The condition set forth in paragraph (b) above may be waived by OPTION
GRANTOR, in the case of OPTION HOLDER Shares, and by OPTION HOLDER, in the
case of OPTION GRANTOR Shares, in the sole discretion of the waiving
party.
4. CLOSING. At any Closing,
(a) OPTION GRANTOR shall deliver to OPTION HOLDER or its
designee a single certificate in definitive form representing the number
of OPTION GRANTOR Shares designated by OPTION HOLDER in its Exercise
Notice, such certificate to be registered in the name of OPTION HOLDER and
to bear the legend set forth in Section 13; and
(b) OPTION HOLDER shall deliver to OPTION GRANTOR the aggregate
price for the OPTION GRANTOR Shares so designated and being purchased by
(i) wire transfer of immediately available funds or
certified check or bank check, or
(ii) subject to the condition in Section 1(b)(ii), delivery
of a certificate or certificates representing the number of OPTION
HOLDER Shares being issued by OPTION HOLDER in consideration thereof,
determined in accordance with Section 4(c).
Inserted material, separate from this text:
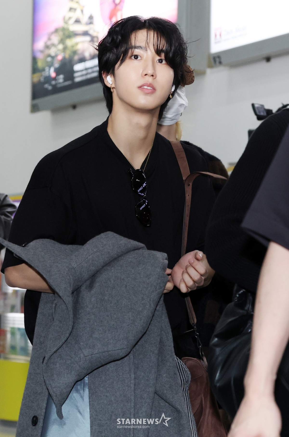 그룹 스트레이키즈 한이 대만 가오슝에서 스타뉴스 주최로 열리는'10주년 아시아 아티스트 어워즈 2025(10th Anniversary Asia Artist Awards 2025, '10주년 AAA 2025') 참석을 위해 5일 대만 가오슝 국제공항을 통해 입국하고 있다.

(c) In the event that OPTION HOLDER issues OPTION HOLDER Shares
to OPTION GRANTOR in consideration of OPTION GRANTOR Shares pursuant to
Section 4(b)(ii), the number of OPTION HOLDER Shares to be so issued shall
be equal to the quotient obtained by dividing:
(i) the product of (x) the number of OPTION GRANTOR Shares
with respect to which the OPTION GRANTOR Option is being exercised
and (y) the Exercise Price, by
(ii) the Fair Market Value of the OPTION HOLDER Shares as
of the date immediately preceding the date the Exercise Notice is
delivered to OPTION GRANTOR.
(d) OPTION GRANTOR shall pay all expenses, and any and all
Federal, state and local taxes and other charges that may be payable in
connection with the preparation, issue and delivery of stock certificates
under this Section 4.
5. TRIGGER PAYMENT.
(a) Trigger Payment. Subject to the provisions of Section
10.3(e) of the Merger Agreement, if a Trigger Event shall have occurred
and any regulatory approval or order required for the issuance by OPTION
GRANTOR, or the acquisition by OPTION HOLDER, of the OPTION GRANTOR Option
pursuant to Section 1 hereof shall not have been obtained, OPTION HOLDER
shall have the right to receive, and OPTION GRANTOR shall pay to OPTION
HOLDER, an amount (the "Trigger Payment") equal to the product of
(i) the maximum number of OPTION GRANTOR Shares that would have been
subject to purchase by OPTION HOLDER upon exercise of the OPTION
GRANTOR Option pursuant to Sections 1 and 2 hereof if all such
regulatory approvals or orders had been obtained, and
(ii) the difference between (A) the Market/Offer Price (as defined
herein), determined as of the date on which notice of demand for the
Trigger Payment is given by OPTION HOLDER, and (B) the Exercise Price
(but only if such Market/Offer Price is higher than such Exercise
Price).
Demand for the Trigger Payment shall be given by notice in accordance with
the provisions of Section 17 hereof. The Trigger Payment shall be paid to
OPTION HOLDER by OPTION GRANTOR on the Payment Date (as defined herein),
by wire transfer of immediately available funds to an account to be
designated in writing by OPTION HOLDER not less than two business days
before the Payment Date.
(b) Payment Date. For purposes of this Section 5, "Payment
Date" means the date on which termination fees are required to be paid by
OPTION GRANTOR to OPTION HOLDER under Sections 10.3(a) or 10.3(b), as the
case may be, of the Merger Agreement as a result of the occurrence of the
Trigger Event referred to in subsection (a) of this Section 5.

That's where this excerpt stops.